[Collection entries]
"""

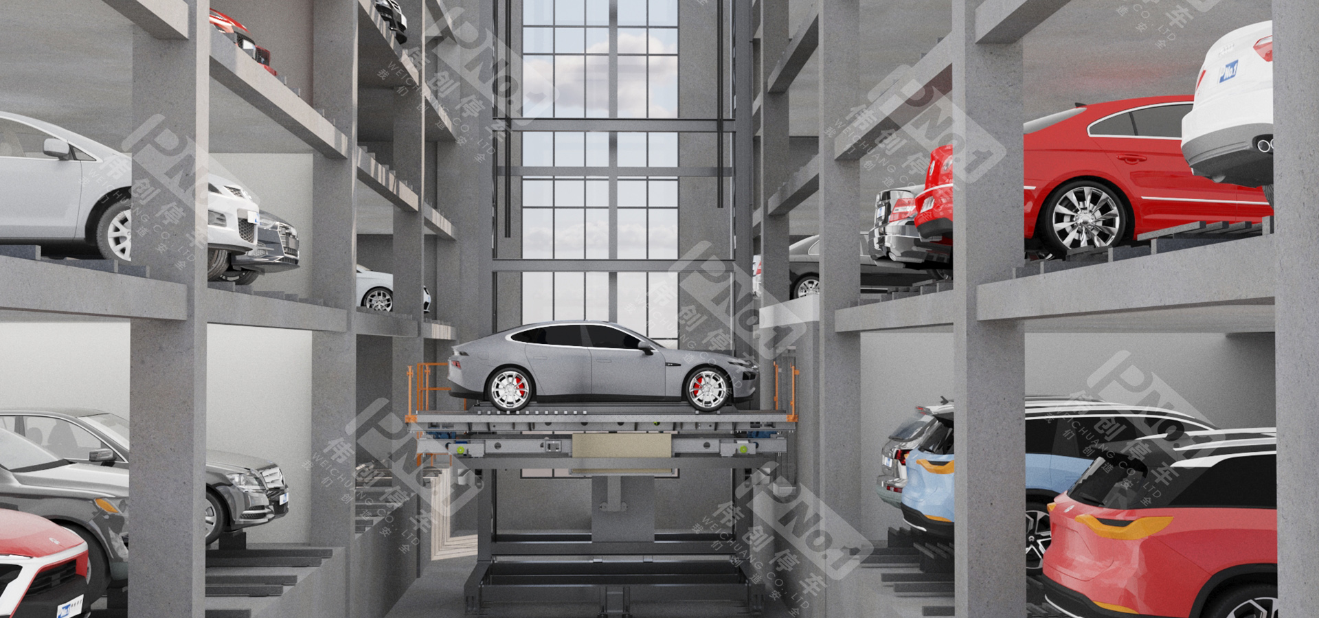 偉創(chuàng)巷道堆垛類機械停車設(shè)備采用先進的計算機控制,是一種集機、光、電、自動控制為一體的全自動化機械式停車設(shè)備。使用堆垛機將汽車水平且垂直移動到停車位旁,并運用機械手搬運器或堆垛機上的存取機構(gòu)將汽車存入,反之取出。
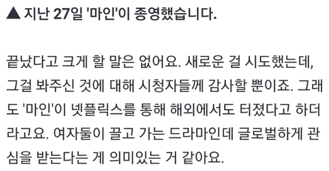 지난 27일 종영한 드라마 <마인> 백미경 작가
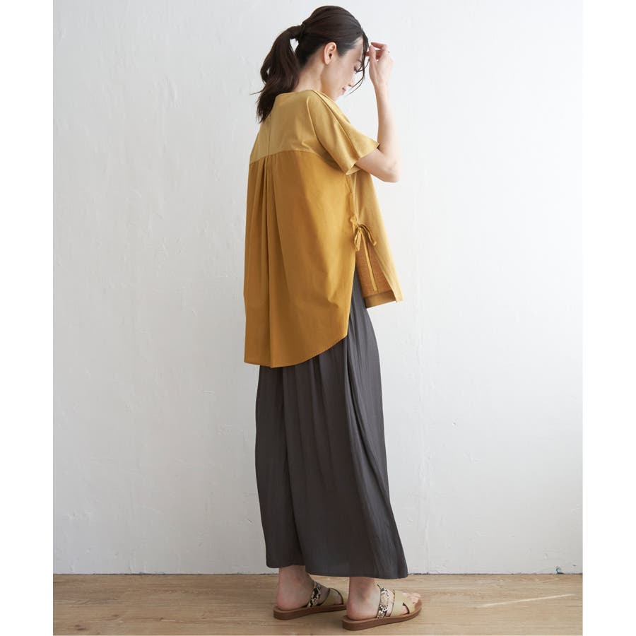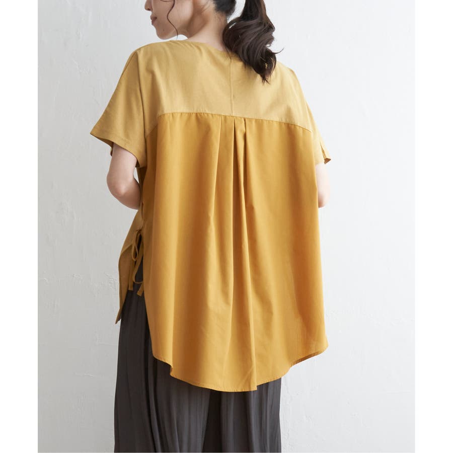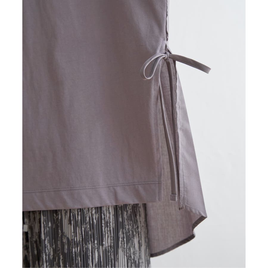 脇にスリットとリボンがついた、異素材使いのドッキングカットチュニックです。
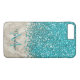 Parties scintillant bleue turquoise, étui de téléphone portable en marbre gris. Personnalisé avec votre nom et monogramme.
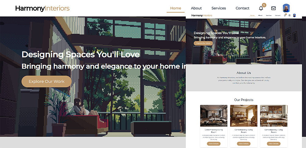 إضافة عناصر تفاعلية (مثل: أزرار ديناميكية، قوائم منسدلة، نماذج تواصل، أو مؤثرات بصرية مثل Scroll Animations).
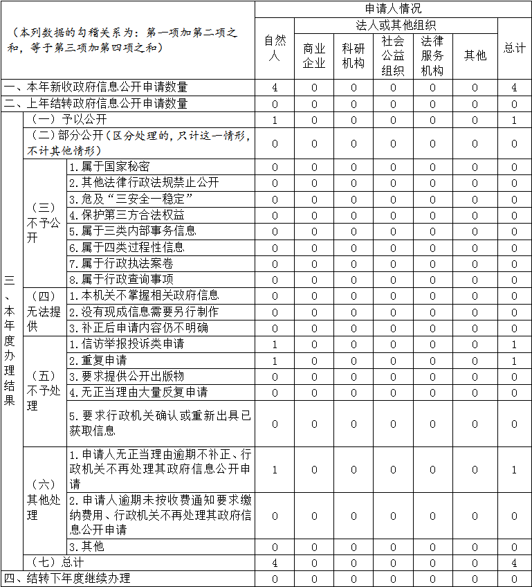 办理依申请公开4份,均依法依规进行审查、处理和答复。
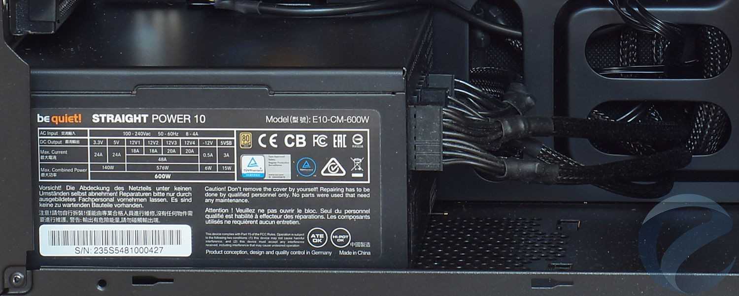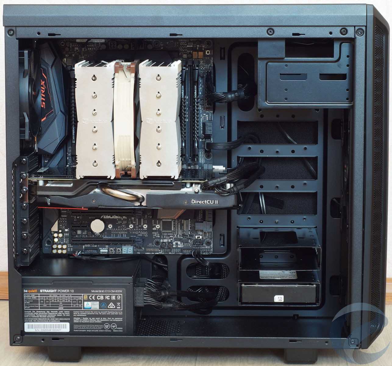 Последовательность сборки особо не регламентируется, но проще начать установку с блока питания (мы использовали модель be quiet! STRAIGHT POWER 10 600W CM). Как видно, места для него хватает и можно задействовать все окна для прокладки кабелей.
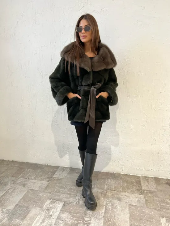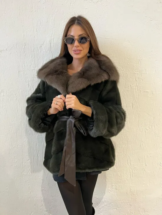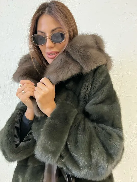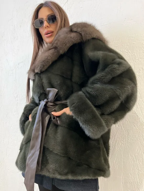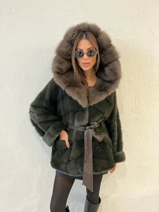 Норковое пончо шуба с капюшоном из меха куницы - цвет оливковый
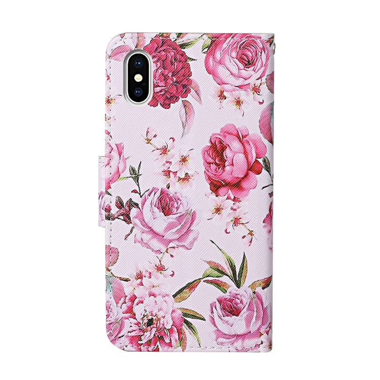 Estuche de Cuero para iPhone Xs Max Patrón Dibujo con Tapa Horizontal Soporte Ranuras Tarjetas Billetera (Peonía)
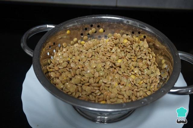 Empezaremos lavando bien las lentejas. Para esta receta de lentejas con chorizo y verduras puedes utilizar esta legumbre de bote o seca. En caso de optar por la segunda opción, puedes dejarlas en remojo durante una hora aproximadamente o no, ya que para este tipo de legumbre este paso es opcional.
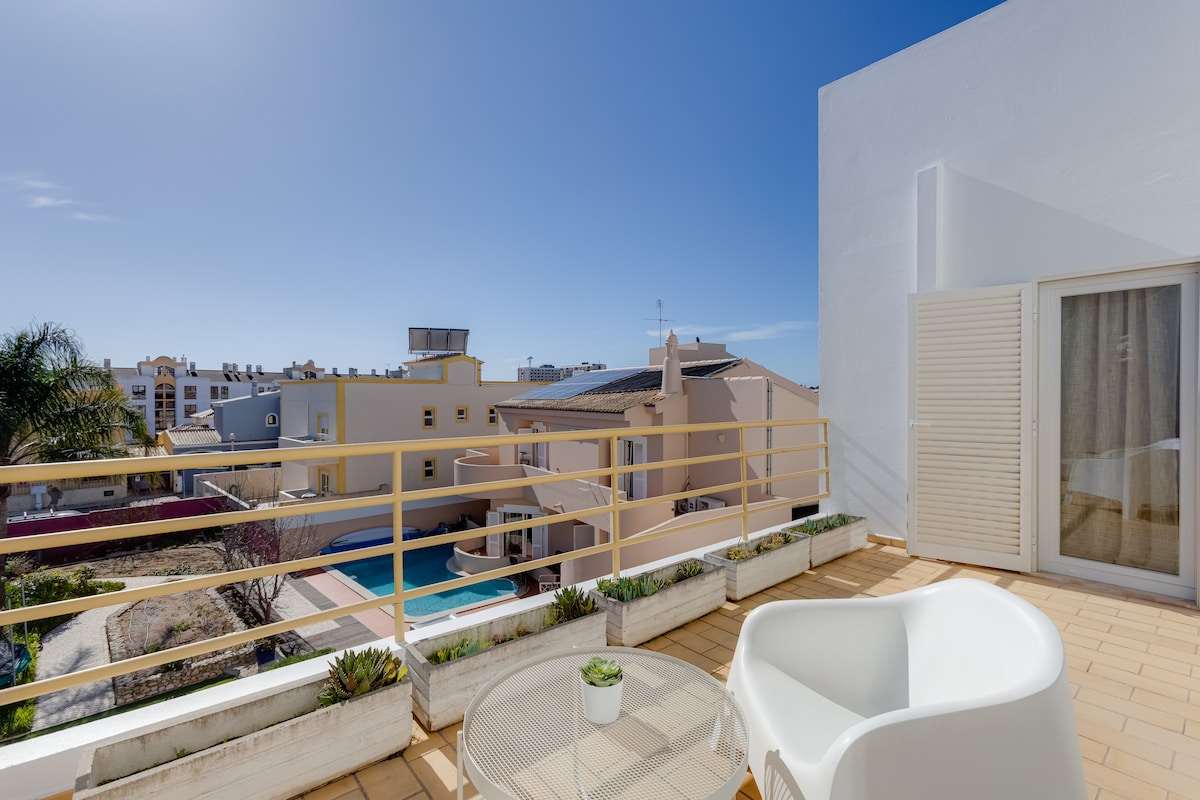 Luxuoso apartamento NOVO no mercado, seguramento um dos apartamento mais do Bonitos do Airbnb. Apartamento com maravilhosa vista panorâmica mar e terra com uma decoração moderna e super confortável localizado no centro Histórico de Albufeira. Numa zona perto de tudo e bastante calma a 5 minutos a pé da praia e do jardim de albufeira. 3 quartos dois em suite e uma terceira casa de banho. Cuidado piscina a cerca de 300 metros do apartamento e fechada no inverno.

"""

■ **YOUR INSTRUCTIONS**
Without including any images, output the data exactly as given.

■ **RESULT FOR THIS TASK**
 偉創(chuàng)巷道堆垛類機械停車設(shè)備采用先進的計算機控制,是一種集機、光、電、自動控制為一體的全自動化機械式停車設(shè)備。使用堆垛機將汽車水平且垂直移動到停車位旁,并運用機械手搬運器或堆垛機上的存取機構(gòu)將汽車存入,反之取出。
 지난 27일 종영한 드라마 <마인> 백미경 작가
 脇にスリットとリボンがついた、異素材使いのドッキングカットチュニックです。
 Parties scintillant bleue turquoise, étui de téléphone portable en marbre gris. Personnalisé avec votre nom et monogramme.
 إضافة عناصر تفاعلية (مثل: أزرار ديناميكية، قوائم منسدلة، نماذج تواصل، أو مؤثرات بصرية مثل Scroll Animations).
 办理依申请公开4份,均依法依规进行审查、处理和答复。
 Последовательность сборки особо не регламентируется, но проще начать установку с блока питания (мы использовали модель be quiet! STRAIGHT POWER 10 600W CM). Как видно, места для него хватает и можно задействовать все окна для прокладки кабелей.
 Норковое пончо шуба с капюшоном из меха куницы - цвет оливковый
 Estuche de Cuero para iPhone Xs Max Patrón Dibujo con Tapa Horizontal Soporte Ranuras Tarjetas Billetera (Peonía)
 Empezaremos lavando bien las lentejas. Para esta receta de lentejas con chorizo y verduras puedes utilizar esta legumbre de bote o seca. En caso de optar por la segunda opción, puedes dejarlas en remojo durante una hora aproximadamente o no, ya que para este tipo de legumbre este paso es opcional.
 Luxuoso apartamento NOVO no mercado, seguramento um dos apartamento mais do Bonitos do Airbnb. Apartamento com maravilhosa vista panorâmica mar e terra com uma decoração moderna e super confortável localizado no centro Histórico de Albufeira. Numa zona perto de tudo e bastante calma a 5 minutos a pé da praia e do jardim de albufeira. 3 quartos dois em suite e uma terceira casa de banho. Cuidado piscina a cerca de 300 metros do apartamento e fechada no inverno.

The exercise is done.